Suppose that interest on money in the bank accumulates at an annual rate of 5% per year compounded continuously. How much money should be invested today, so that 20 years from now it will be worth $20,000?
(Hint: If you're stuck, then model the account balance B= B(t) with a differential equation and an initial condition, keeping in mind that the initial condition here is not at t=0)
A. $5498.23
B. $6766.49
C. $7982.22
D. $7357.59
E. $5909.04
I think its answer D but I am not sure.
A e^rt = 20,000
A e^.05*20 = 20,000
ln A + 1 = 9.903
ln A = 8.903
A = 7357.59
yea it was that
p * e^(rt) = 20000
p = 20000 / [e^(.05 * 20)] = 20000 / e
Why did the money go to therapy? Because it had investment issues!
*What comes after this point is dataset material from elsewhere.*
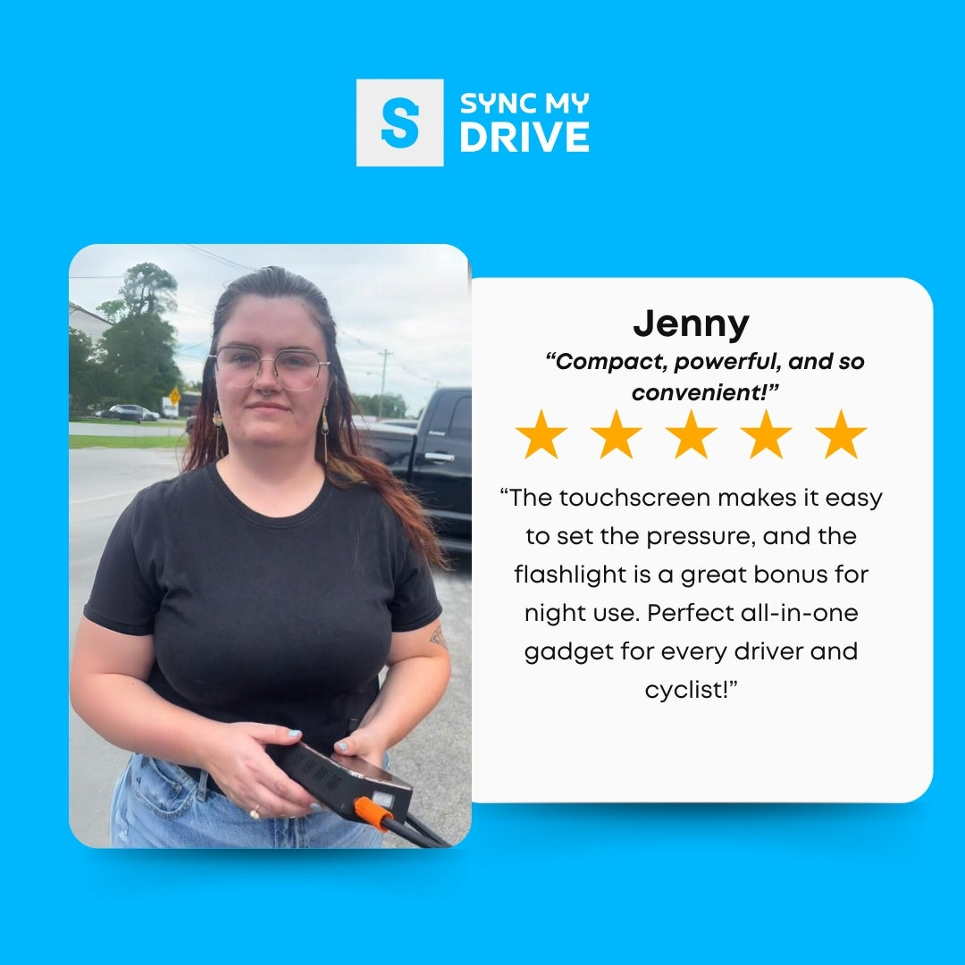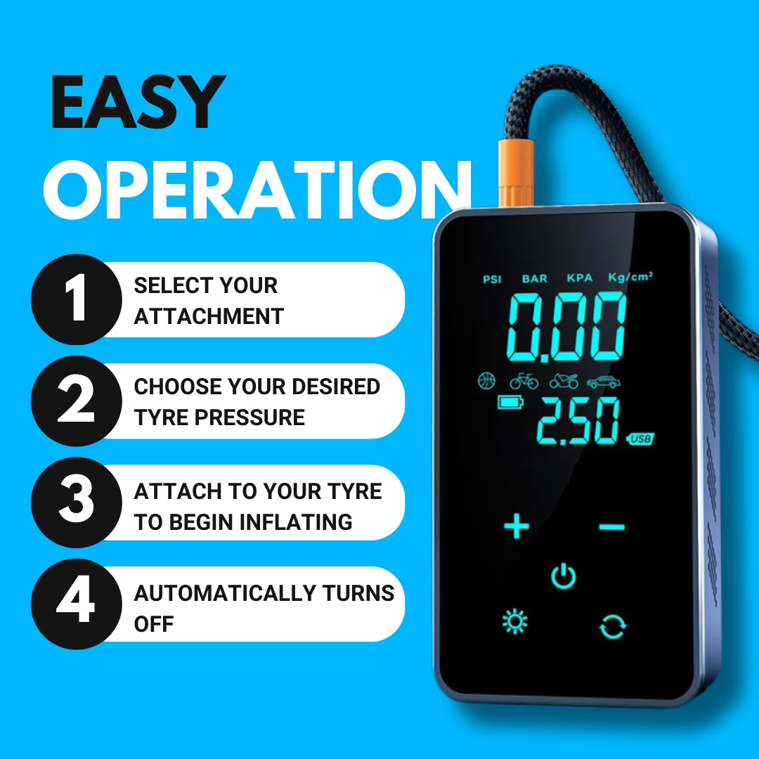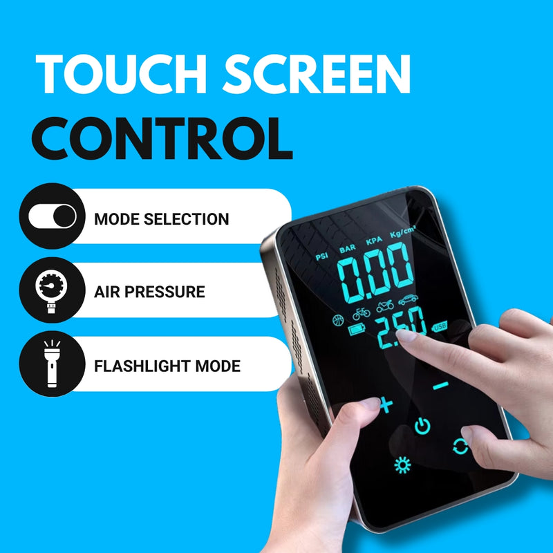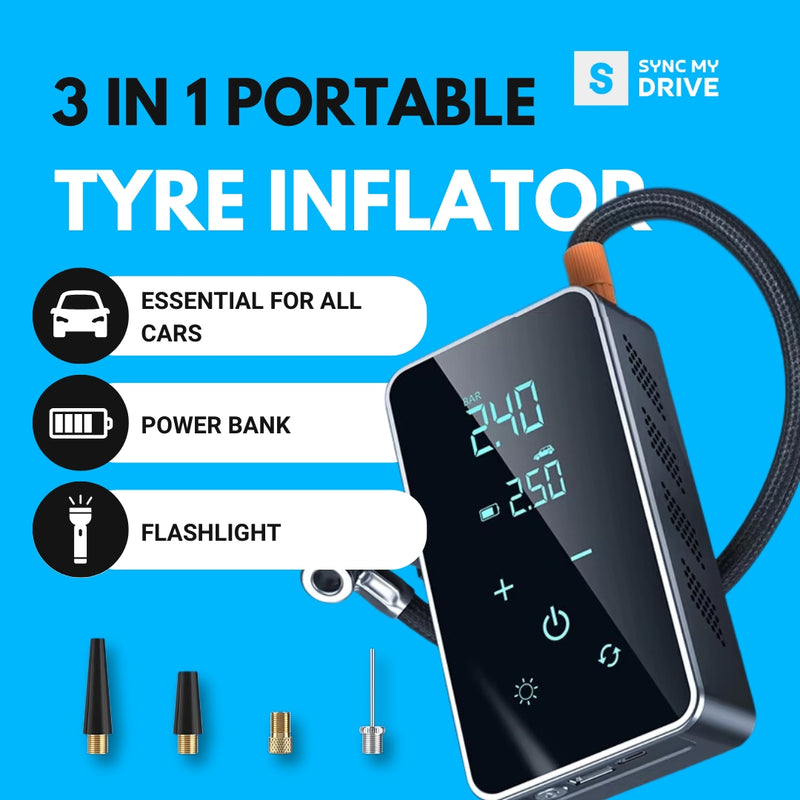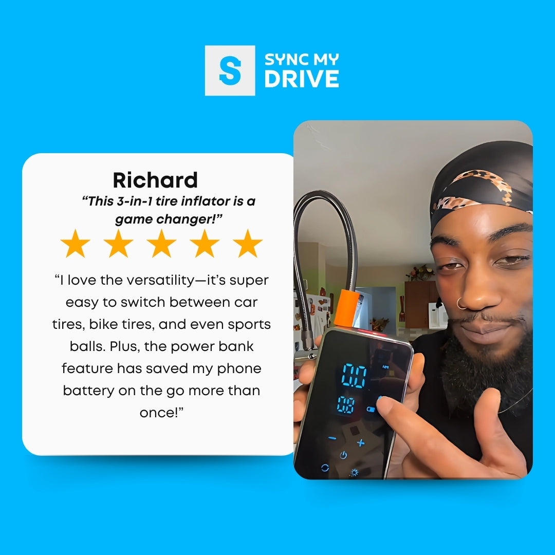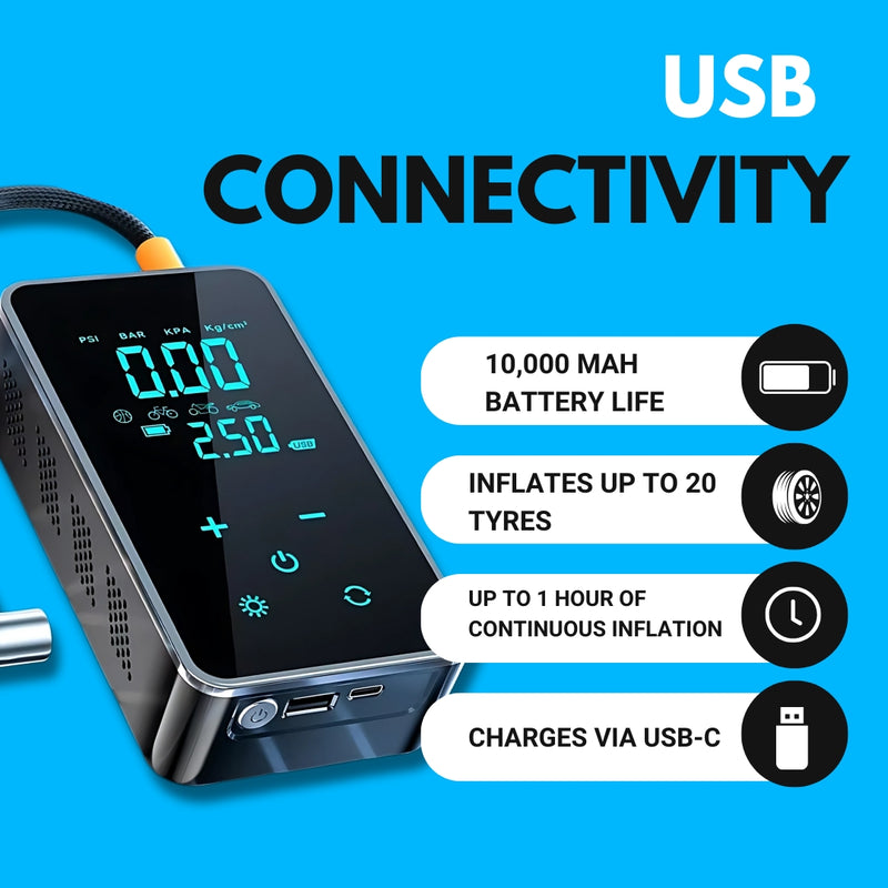 Our 3-in-1 Portable Tire Inflator easily handles car and bike tires, sports balls, and more. With USB connectivity, it doubles as a power bank to keep your devices charged on the go. Featuring a touchscreen interface, multiple attachments, and a built-in flashlight, it’s perfect for both emergencies and daily use.

To solve this problem, we can use the formula for continuous compound interest:
A = P * e^(rt)
Where A is the future value, P is the principal (the amount of money invested today), r is the interest rate, and t is the time in years.
We can plug in the given values:
20000 = P * e^(0.05 * 20)
Now, let's solve for P.
To do that, we divide both sides of the equation by e^(0.05 * 20):
20000 / e^(0.05 * 20) = P
Using a calculator, we find that 20000 / e^(0.05 * 20) is approximately equal to $6766.49.
Therefore, the answer is B. $6766.49.
To find the amount of money that should be invested today, we can use the formula for compound interest with continuous compounding:
A = P * e^(rt)
Where:
A is the future value of the investment (in this case, $20,000)
P is the principal (the amount to be invested today)
r is the annual interest rate (5% or 0.05 in decimal form)
t is the number of years (20 years)
Substituting these values into the formula, we have:
$20,000 = P * e^(0.05 * 20)
To solve for P, we need to isolate it on one side of the equation. Divide both sides of the equation by e^(0.05 * 20):
P = $20,000 / e^(0.05 * 20)
Now we can use a calculator to evaluate e^(0.05 * 20) to find P:
P ≈ $20,000 / 1.6487212707
P ≈ $12,140.0652
Therefore, the amount of money that should be invested today is approximately $12,140.07.
None of the given options match this value exactly, but the closest option is D. $7357.59, so that would be the best choice.